I like Acana more than Fromm personally, because of the kibble size and I think Acana is better nutrition wise. With Fromm I felt like I was feeding cat food because of the size of the kibbles, and with the large breed dogs bloat does concern me. My dogs (Golden Retrievers) seem to like the Acana better too, and were not gassy at all like with Fromm. I know others may have had glowing experiences with Fromm, but it was the excessive gas and kibble size that turned me off. The Fromm Gold Large Breed though may be your best choice for pups, I think the kibbles are large enough size so they actually get chewed just not swallowed. --BTW, if you were to do Acana for pups, do the Prarie one, that one is suitable for growing pups because of the Ca/Phos ratio. I had a friend who started her pup on Grasslands (the ratio was not suitable for pups), and his dog later on developed some skeletal issues due to rapid growth.


----------



## Love my lab

Thanks sunshineday.
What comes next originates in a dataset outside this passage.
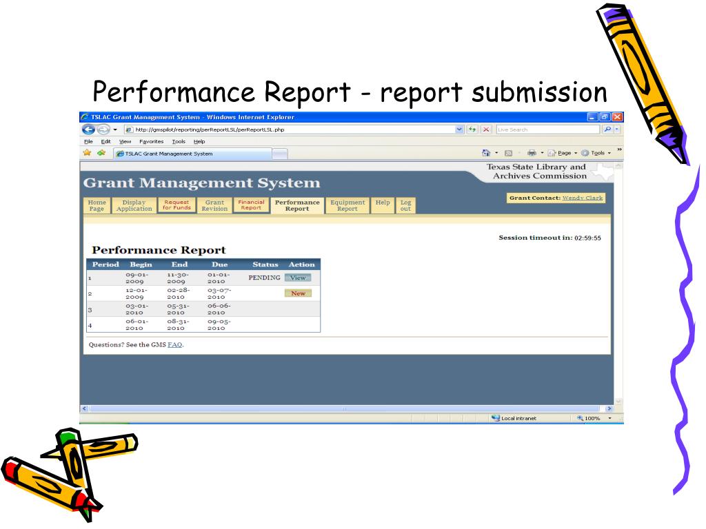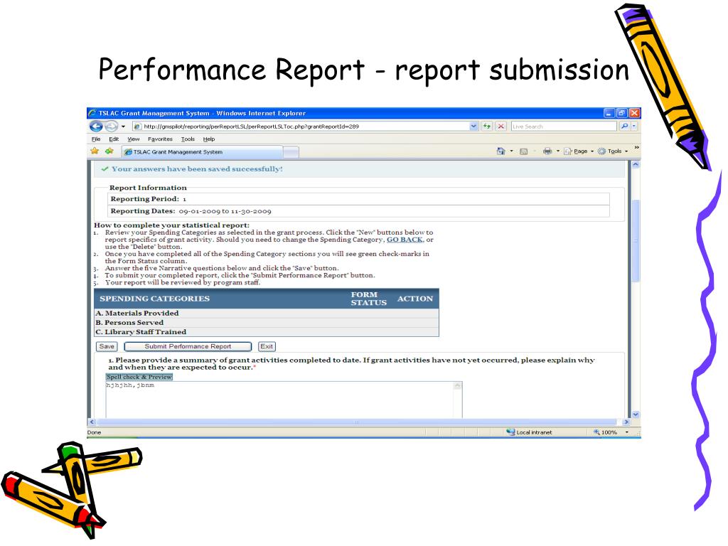 Yes! Reference your grant application (plan of action) Report items received by type Use accurate counts or best estimates Track users of computers purchased with grant funds No! Reporting entire population served Submit ‘no activity’ every report period Try to report persons or materials for items like furniture, enter a zero Performance Report Tips

I have started w/ fromm l.breed puppy gold. I did notice some of he Cal/ phos ratios high in some of the grain free acana...the prarie is the one I was looking into though if I went that way. I liked the Cal/ phos ratios best with the fromm that is why I went that route.


----------



## NotAChampionFan

Deaf Dogs said:


> I will feed both Fromm and Acana. I like Champion Pet foods better though. (mostly because I live less than 2 hours from where it's made)
> 
> All of Champion Pet foods have ingredients sourced from Alberta, except the fish. Salmon Comes from BC and the whitefish from NWT.


You fell for that too?


----------